23 Jason Road, Thistletown’s first house, built around 1802
Thistletown, perhaps Toronto’s best-hidden historic neighbourhood, is located at the intersection of Albion Road and Islington Avenue. The village, which was never incorporated, was established in the 1840s, servicing the important Albion Road. The settlement got its name from a prominent local family.
Albion Road was surveyed as early as 1799, predating the grid-based concession farm plot and road system, as an extension of Weston Road. Albion passed through other lost villages such as Clairville (at Steeles) to Albion Township (later amalgamated into the Town of Caledon). The road’s diagonal path made the route ideal for farmers to bring their produce and livestock to market in the larger town of Weston, or all the way into Toronto, particularly before the railways were built. At its height, Thistletown had a population of several hundred, a community hall, an inn and tavern, and several shops at the corner of Albion and Islington.
Islington and Albion today
The village and its name live on today, though its historic legacy is more hidden than that of Agincourt. For example, not a single historic building remains on either of the two main roads. And unlike Agincourt, which has expanded in Torontonian’s minds well beyond the small village, “Thistletown” has been crowded out of many mental maps by the modern suburb of Rexdale, which is now often used to describe the whole swath of northern Etobicoke.
Despite being missed by the major steam railways such as the Grand Trunk and the Toronto, Grey and Bruce, traffic on Albion Road towards Weston and Toronto kept the village from declining as much as other nearby settlements that were also bypassed. However, the Toronto Suburban Railway built an extension of its successful Weston suburban radial as far as Woodbridge and directly served the community until 1926, when the line was abandoned.
By the 1950s, Toronto’s suburban sprawl began to creep into north Etobicoke Township. Developer Rex Heslop began development of a massive industrial and residential tract nearby that he would call Rexdale (Heslop went on to build the large Delrex neighbourhood in Georgetown, doubling that town’s size almost overnight). Both Albion Road and Islington Avenue were widened, Albion straightened (Bankfield and Edgebrook drives follow an older alignment), and all village commercial and institutional buildings destroyed. Today, 1960s-style retail strips, with businesses largely catering to the neighbourhood’s large South Asian population, are predominant built-form.

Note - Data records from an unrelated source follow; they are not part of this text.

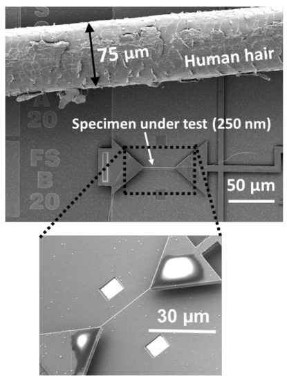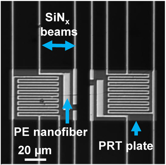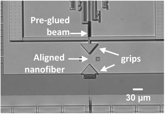 The minuscule sample size, the limited resolution of the optical microscope and nonlinear forces such as van der Waals, triboelectric, and capillary forces due to moisture are factors that make it difficult to successfully place nanofibers with tip-based methods. Yet, it is critical to locate and position the nanofiber precisely onto the micromachined test platform without damaging it. Electron microscopes cannot be used because of the sensitivity of polymer samples to electron beam radiation [29,30], which scissions bonds and hence degrade the mechanical and thermal property enhancement [31,32]. The manipulation by optical methods is preferred. Regarding alignment, during tensile testing, an unwanted bending moment can cause the load cell to rotate and the fiber force will be underestimated.
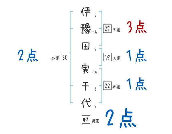 人運![]() | 伊豫田実千代さんの人運は19画の1つ星!優れた才能を持ちますが、協調性が足りないことも。周りの人と協力する事を意識しましょう。 性格や才能などを表す2番目に重要な運勢です。人間関係や協調性、社会的な成功に影響します。主に20歳から50歳ぐらいまでの中年期の運勢を表します。 |
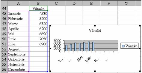 Graficul "de tendinta" se construieste în mod obisnuit, selectând seriile de date (pe linie sau pe coloana). În selectie se vor cuprinde atât datele existente (pe care se construieste prognoza), cât si câmpul care se va estima prin previziune.
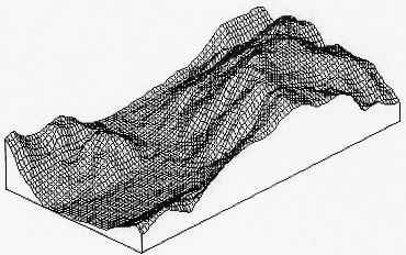 Raster data can be thought of as a matrix, a spread sheet, or data on a regular grid. An image, for example, would be raster data; so would an interpolation surface created from a file of scattered data, such as the one below:
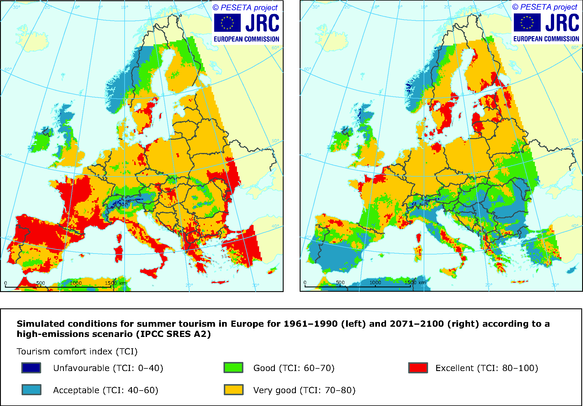 Modelled conditions for summer tourism in Europe for 1961–1990 and
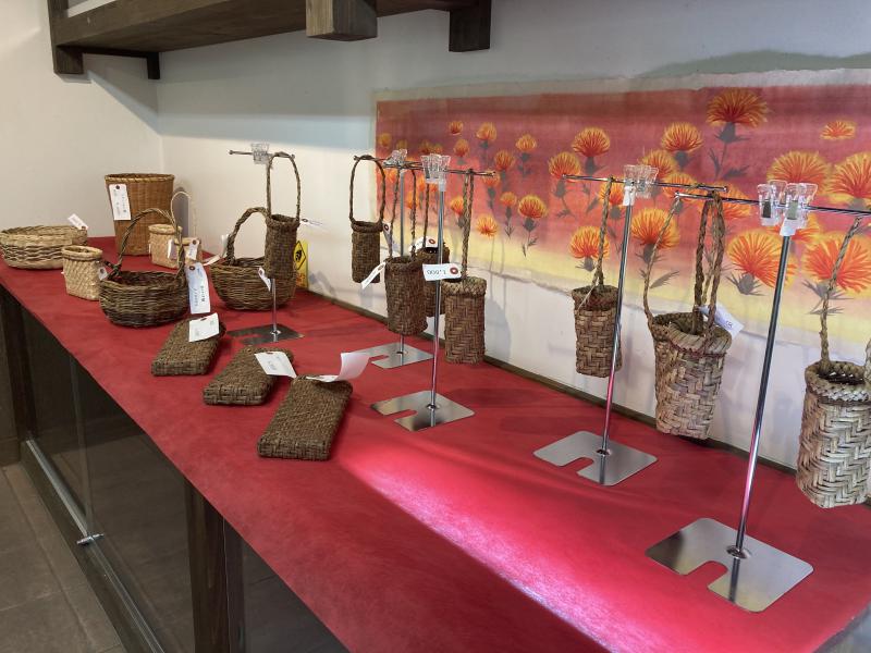 9月の荒砥駅展示室は、町内産の山ブドウやくるみ、あけびなどのつるを使って編んだ作品の数々を展示しています。
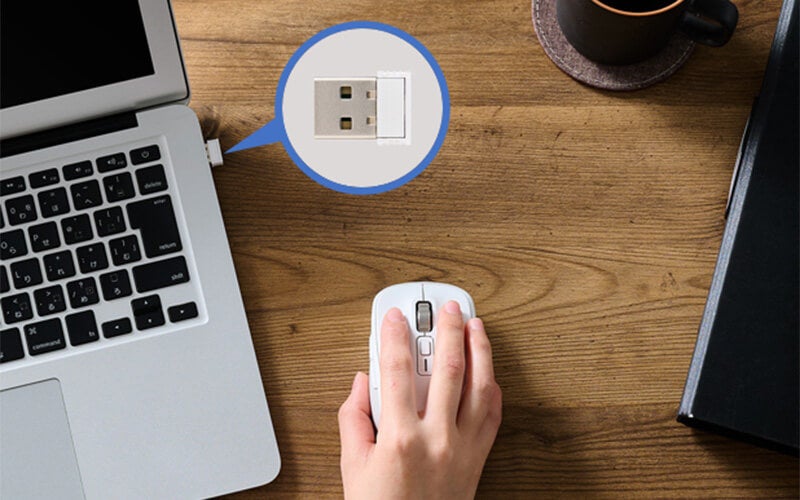 パソコンのUSB-Aポートにレシーバーを挿すだけの無線2.4GHz接続と、USB-Aポートのないパソコンやタブレットでも使えるBluetooth(R)接続の両方に対応するワイヤレスモデルです。

Off the main arterials, much evidence of the village’s history is present. One of Toronto’s oldest residences is located on Jason Drive (shown at top of post), built as early as 1802. The Franklin Carmichael Art Centre, located on Riverdale Drive, was the home of the namesake Group of Seven painter, and continues on as a City of Toronto cultural centre.
Franklin Carmichael Art Centre on Riverdale Drive
A garden centre on Bankfield Drive provides a vestige of Thistletown’s rural past.
5 comments
This is good stuff that animates the dreariness of postwar development along the main roads in and out of the city.
I used to work at the corner of Albion & Islington for many years as a teenager, and indeed, there’s little to denote that corner as “Thistletown” (save the Collegiate Institute a little further south on Islington). While it’s easy to dismiss “progress” I’d have to at least say that the current crossroads is a pretty interesting mix of Asian businesses offering excellent food and that someone should be taking notes from Scarborough’s Lawrence East neighbourhood in how to market themselves better.
Between Franklin Carmichael and Jason Road is (unless it’s been removed in recent months) one of Toronto’s unsung unaltered 50s modern domestic landmarks, built by architect Jan Albarda for himself–a remarkable little quasi-Usonian nail-clipping of a house…
I was a resident of the village of Thistletown from 1952 to 1965. The Franklin Carmichael Arts Centre was the home of Dr. Ann Curtain, not Franklin Carmichael. It was Dr. Curtain who left this estate to the borough of Etobicoke for the benefit of everyone. I lived at 14 Riverdale Drive, just down the road. Dr. Curtain was a friend and deserves recognition for her contribution.
Hi,
Hans Albarda is right. The building Adam is writing about must be the ‘studio’ in the garden of dr. Curtain’s house, done by Jan Albarda, who has designed a few houses more in that area. He also did the now demolished Anglican Church in Thistletown and an addition to the church on Albion (not the ‘jazzy’ part).There is another addition to The Good Shepherd on Weston Rd, one in Woodbridge and one up North York. He designed the Weston Swimming Pool, the demolished Weston City Hall and the Royal York Medical Centre.
Jan Albarda was a highly remarkable person, who invited the whole bunch of modern architects of CIAM for a meeting in Delft in December 1930, being a student of only 20! In Ontario he designed and built a 100 harpsichords etc.!
On June 7 next (Albarda’s 100th birthday) we will launch a book Jan Albarda en De Groep van Delft, which we want to be published in English in Canada. We need your support!!